What begins as a Hollywood version of Jerry McGuire becomes a depressing and grim look of how far the people involved in this business will go to get what they want.
We begin by seeing, once child star and now Hollywood agent, Howard (Gregg) getting fired by his only notable client for blowing a potentially huge deal. Sometime during this botched negotiation, he luckily stumbles into Lydia’s (Saxon Sharbino) dramatic audition which turns out to be a positive for the young actress. When she is offered the starring role for the next vampire teen trilogy, she immediately claims Howard as her agent. Lydia views Howard as the “nice” alternative to dirt bag agents who care only about money and could careless for the best interest of their clients. Much like Howard’s nemesis, Aldo (Sam Rockwell), a skeezy, douche of an agent who has managed to steal many of Howard’s talents.

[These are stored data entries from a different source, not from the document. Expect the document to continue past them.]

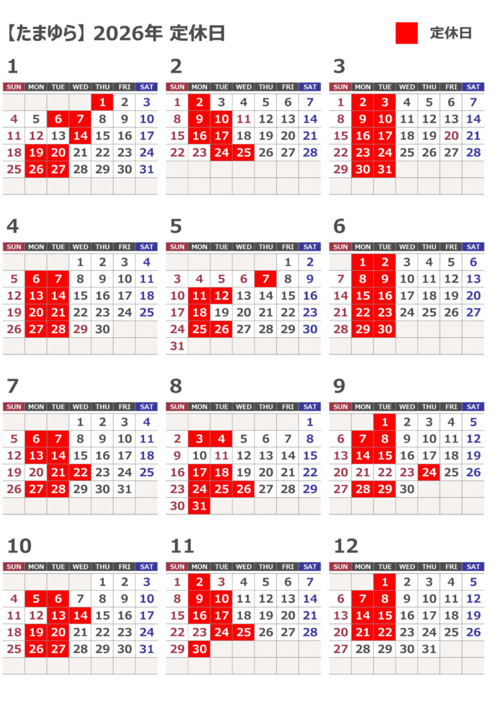 | 定休日 | 毎週月・火曜日 その他は下記のカレンダーにてご確認下さい 。 |
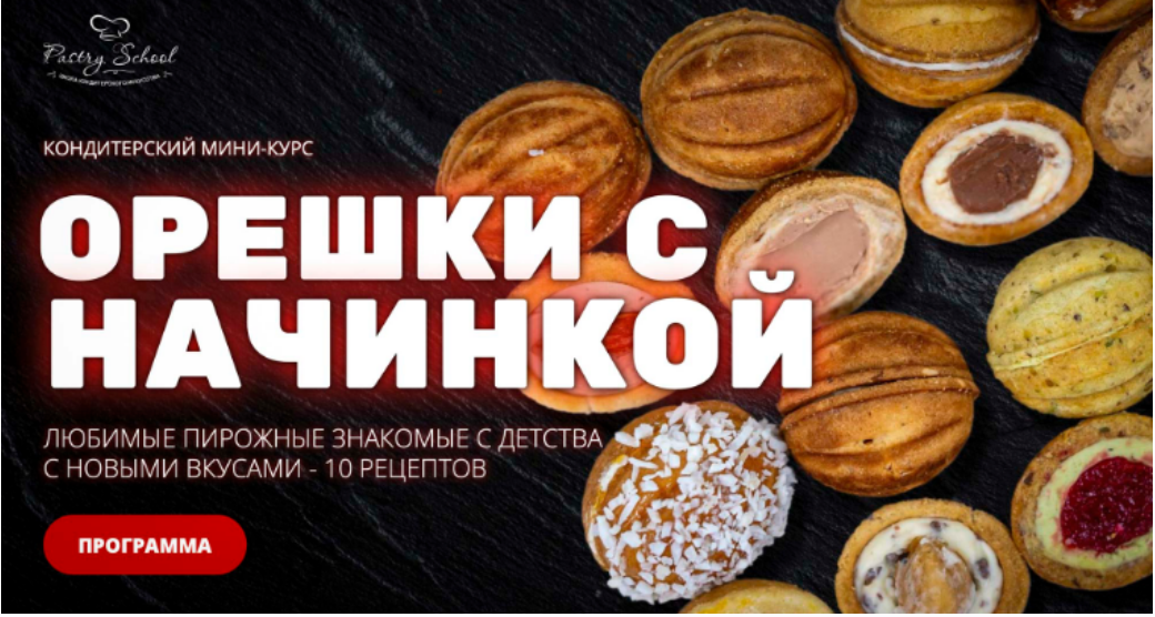 Мини-курс включает в себя подробный видеоурок по приготовлению пирожных (на примере орешков «Шоколад-Клубника »), объясняющий всю технологию и принципы приготовления пирожных, а также Книгу рецептов с подробным пошаговым описанием приготовления 10 вариантов вкусов этого вкуснейшего десерта.
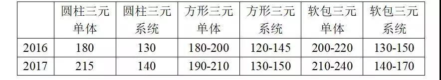 經(jīng)過(guò)一段時(shí)間的發(fā)展,磷酸鐵鋰和三元鋰電池的技術(shù)水平得到明顯提升。在成本方面,磷酸鐵鋰電池組價(jià)格從2017年年初的1.8-1.9元/Wh下降到年底的1.45-1.55元/Wh。三元?jiǎng)恿﹄姵匕鼉r(jià)格從年初的1.7-1.8元/Wh下降到年底的1.4-1.5元/Wh。
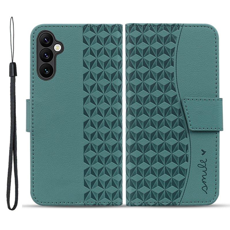 Samsung Galaxy A35 5G Skal Prägad Diamant Äkta Läder Skydd - Grön
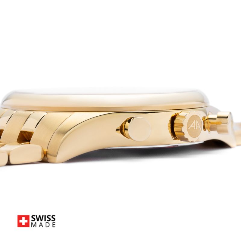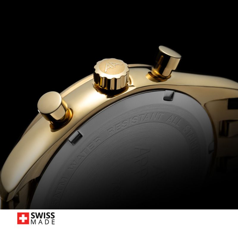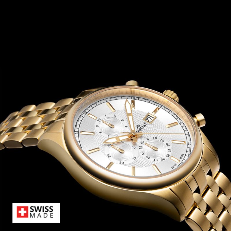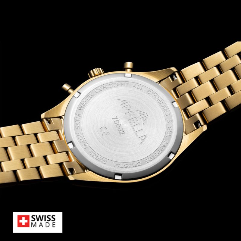 Стилен мъжки часовник Appella L70002.1113CH с корпус и верижка от неръждаема стомана. Сребрист дисплeй хронограф със златисти детайли. Стъкло сапфир-кристал. Задвижва се от кварцов механизъм RONDA 3540D Swiss Made. Диаметър на корпуса 43 мм. Водоустойчивост 5 ATM - допускат се леки пръски и взимане на душ, не се препоръчва обилно мокрене.
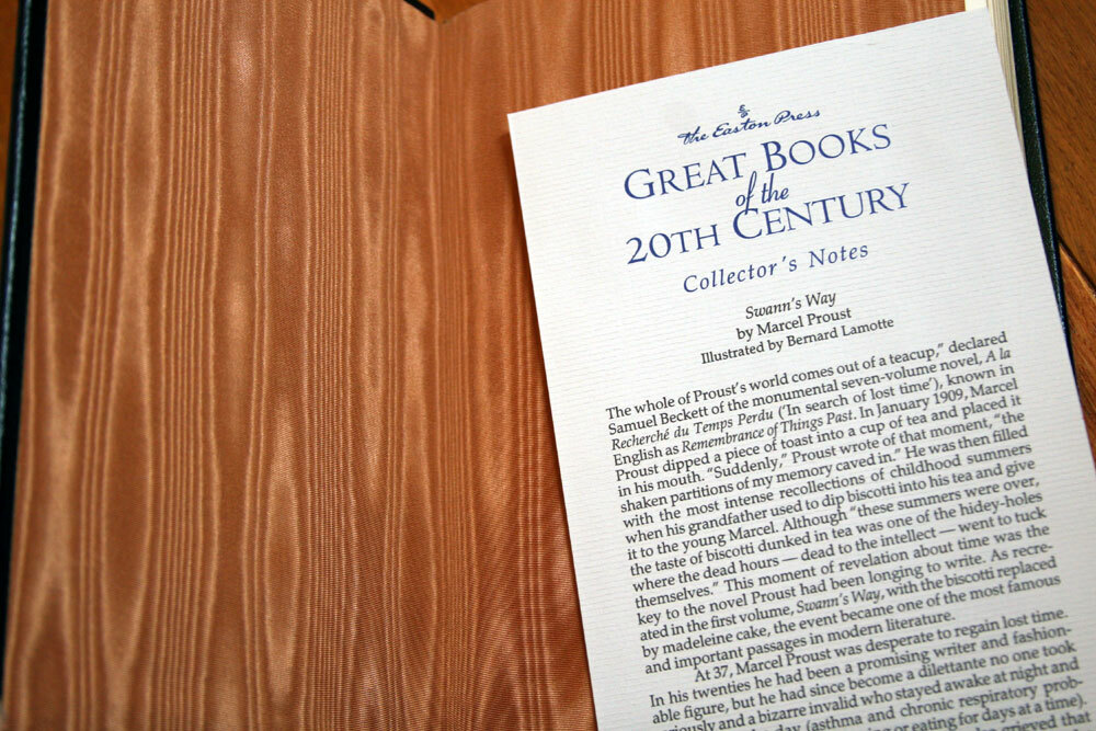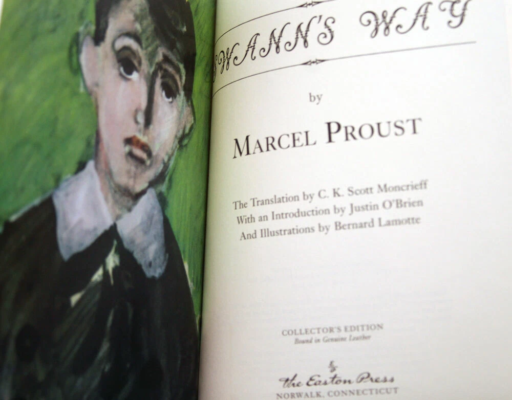 Description SWANN'S WAY by Marcel Proust. Leather-bound collectible book published by THE EASTON PRESS. Copyright 1982. Gilt-tipped pages. Easton Press leaflet included. Light cover wear, binding secure, minimal scratches to the gilt-tipped pages, no handwriting, no bookplate, excellent interior pages. Nice copy. 441 pages. Books will be packed securely for safe shipment. Books will ship via USPS Media Mail, unless otherwise requested. If you would like to upgrade to an expedited shipping method, please contact me for a quote. Please view the photos and contact me with any specific questions. X3 **Please contact me with any questions prior to bidding. Check out my other auctions for many more books and other collectibles being offered!** ***Please note: If you are bidding on a used or antique book... We do our best to accurately describe each book and identify any flaws it may have. If you have specific questions regarding its condition, please never hesitate to ask. Unfortunately, we cannot always inspect each page, and therefore grading is from visual inspection and browsing through the book. Unless stated otherwise, our books will contain signs of wear and age which is normal within this category. We offer primarily used, vintage and antique books. Our books are stored in a dry, 100% smoke-free environment . We will always mention if a book has a noticeably unpleasant odor, however if you have a particularly sensitive sense of smell, we cannot recommend that you purchase any antique or vintage books. Payment Paypal Accepted. Shipping FREE anywhere in the U.S. **Sorry, no international shipping for this item.** Return Policy We consider All Sales to be Final. Returns Accepted for Full Refund of Purchase Price only if Item is Significantly Not as Described. Shipping & Handling costs will not be refunded under any circumstances. Please be sure that this is the item you are looking for prior to bidding. If you have any questions about the content of an item, condition of an item or a question about any of our policies please do not hesitate to ask. Feedback Feedback will be posted once feedback has been posted for us. If you were pleased with your purchase and experience with us please leave a comment. We will do likewise right away.

Lydia and Howard have a great father-daughter bond and work well together, their only problem is Ray (Paul Sparks), Lydia’s greedy, alcoholic father who tends to cause a scene everywhere he goes. And just when things seem to looking up for Howard’s career and love life, he witnesses what he thinks might be a sexually abusive encounter between Ray and Lydia. Now he must decide if wants to continue his path of success with his inevitable profiting starlet or let the “good guy” within him follow his conscience.

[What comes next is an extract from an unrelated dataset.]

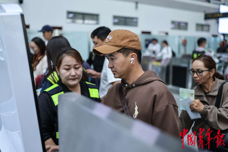 9月9日,新疆霍尔果斯公路口岸第六代国门,一名哈萨克斯坦旅客通过自助机办理入关手续。中青报·中青网记者 曲俊燕/摄
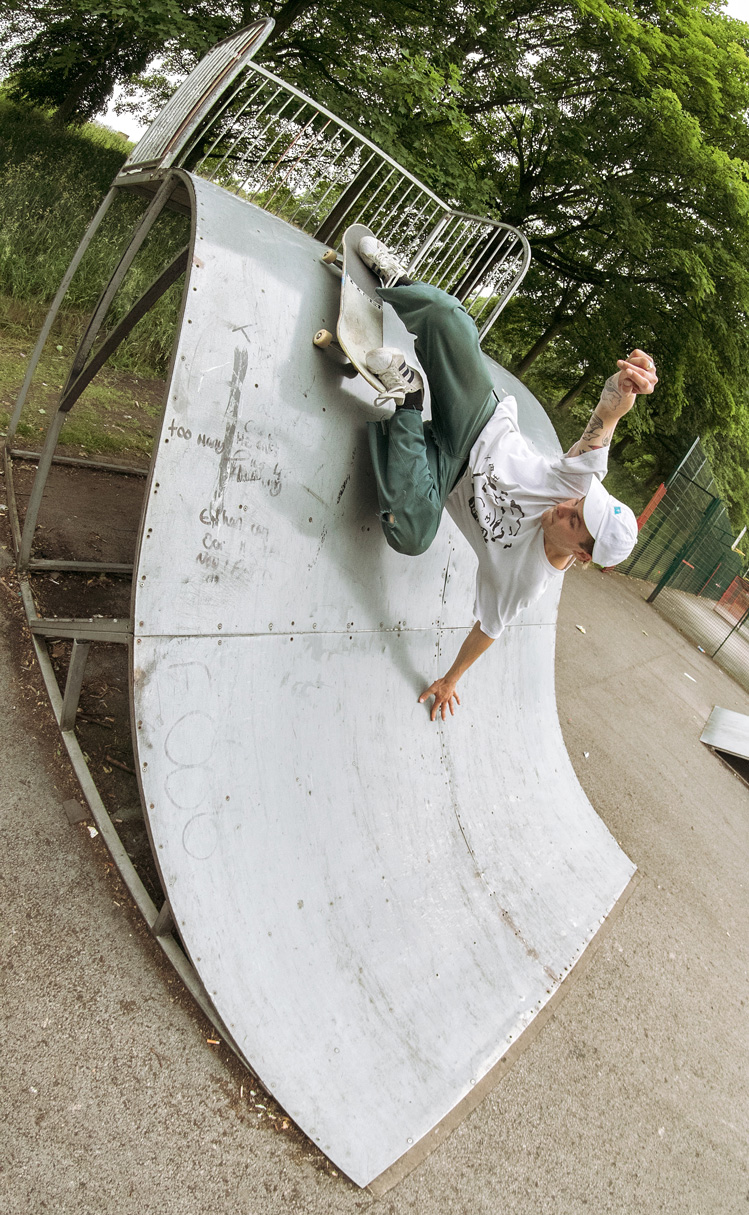 A skater from Stoke-on-Trent called Ben Evans was one of those people who responded to the call for targets for Raiders of the Lost Park episode 2 and offered up two bizarre-looking skateparks near his home which we duly elected to go and visit. With the Welcome Skatestore crew, plus a couple of Barnsley and Derby heads in tow, we turned up at Tunstall skatepark to be greeted by what looked at first like a load of unskateable scrap metal dumped on an old tennis court. However, as with the first mission, things slowly took on a different hue as people got their heads around the park and began to enjoy its weird offerings.

From the start you are hooked. All the aspects of Howard’s life are thoroughly engaging. He pines over his beautiful neighbor (Amanda Peet), and the two share a surprisingly charming relationship. He also has great chemistry with Lydia that you feel could lead to a Tom Cruise and Cuba Gooding Jr. moment. “Show me the MONEY!!!”
Needless to say Gregg gives a captivating performance along with his supporting cast. Saxon Sharbino, who I had never heard of until this movie, shines as the tween actress who is so talented that it’s hard to tell if she’s being herself or playing a part.
In about the last 30 minutes of the film, everything starts to get muggy fast. What seemed like powerful character development and a path of redemption quickly turns into an unsatisfying and truly unnecessary conclusion.
Trust Me has all the pieces for a fantastic, uplifting and/or solid flick; but maybe in an attempt to stay truly original, it past the mark a little too far.